There a lot of nuance in that thread (and some lack-of-nuance), but the key disagreement is one
group wanted the abort
method to exist on the object returned by fetch()
, whereas the other
wanted a separation between getting the response and affecting the response.
These requirements are incompatible, so one group wasn't going to get what they wanted. If that's
you, sorry! If it makes you feel better, I was also in that group. But seeing AbortSignal
fit the
requirements of other APIs makes it seem like the right choice. Also, allowing chained promises to
become abortable would become very complicated, if not impossible.
If you wanted to return an object that provides a response, but can also abort, you could create a simple wrapper:
function abortableFetch(request, opts) {
const controller = new AbortController();
const signal = controller.signal;
return {
abort: () => controller.abort(),
ready: fetch(request, { ...opts, signal })
};
}
False starts in TC39
There was an effort to make a cancelled action distinct from an error. This included a third promise state to signify "cancelled", and some new syntax to handle cancellation in both sync and async code:
Not real code — proposal was withdrawn
try {
// Start spinner, then:
await someAction();
}
catch cancel (reason) {
// Maybe do nothing?
}
catch (err) {
// Show error message
}
finally {
// Stop spinner
}
The most common thing to do when an action is cancelled, is nothing. The above proposal separated
cancellation from errors so you didn't need to handle abort errors specifically. catch cancel
let
you hear about cancelled actions, but most of the time you wouldn't need to.
This got to stage 1 in TC39, but consensus wasn't achieved, and the proposal was withdrawn.
Our alternative proposal, AbortController
, didn't require any new syntax, so it didn't make sense
to spec it within TC39. Everything we needed from JavaScript was already there, so we defined the
interfaces within the web platform, specifically the DOM
standard. Once we'd made that decision,
the rest came together relatively quickly.
Large spec change
XMLHttpRequest
has been abortable for years, but the spec was pretty vague. It wasn't clear at
which points the underlying network activity could be avoided, or terminated, or what happened if
there was a race condition between abort()

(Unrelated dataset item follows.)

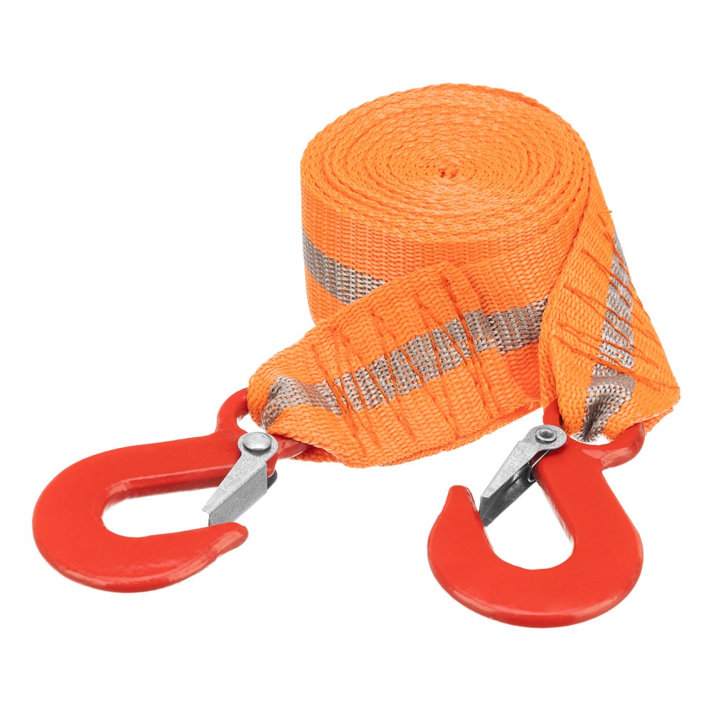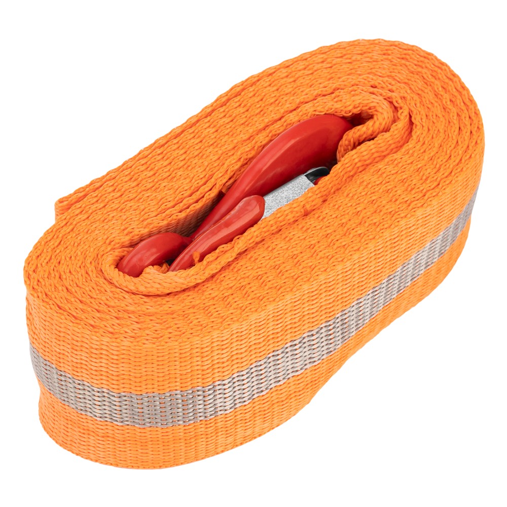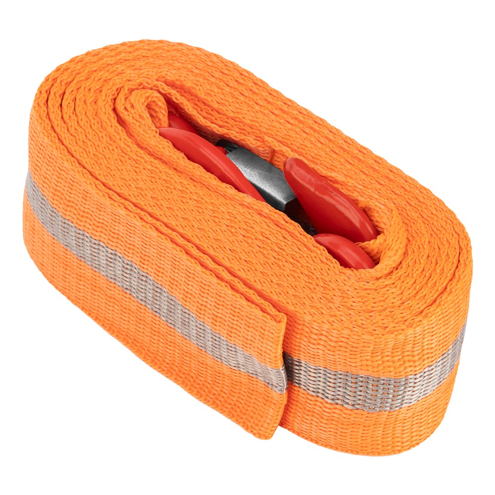 Трос буксировочный Stels 54379 с 2 крюками, поставляющийся в сумке на молнии, используется для буксировки на гибкой сцепке легковых автомобилей массой до 3,5 тонн. Выручит автолюбителя в сложной ситуации на дороге: если закончилось топливо, сломался двигатель, застряли колеса и т. д.ПреимуществаВысокий ресурс — трос из морозостойкого авиационного капрона не разрушается от резких перепадов температур, влажности и не растягивается в процессе эксплуатации.Длина 5 м — автомобиль находится на оптимальном расстоянии от буксировочной машины.Удобный зацеп — трос оснащен двумя крюками, а его длина позволяет сделать дополнительную петлю.Ярко-оранжевый цвет — изделие хорошо видно на дороге, что обеспечивает дополнительную безопасность буксировки.Качественное исполнение — приспособление изготовлено согласно требованиям ПДД и основным положениям допуска ТС к эксплуатации.Удобная транспортировка и хранение — трос ленточного типа легко сматывается в рулон и убирается в сумку на молнии.

being called and the fetch completing.
We wanted to get it right this time, but that resulted in a large spec change that needed a lot of reviewing (that's my fault, and a huge thanks to Anne van Kesteren and Domenic Denicola for dragging me through it) and a decent set of tests.
But we're here now! We have a new web primitive for aborting async actions, and multiple fetches can be controlled at once! Further down the line, we'll look at enabling priority changes throughout the life of a fetch, and a higher-level API to observe fetch progress.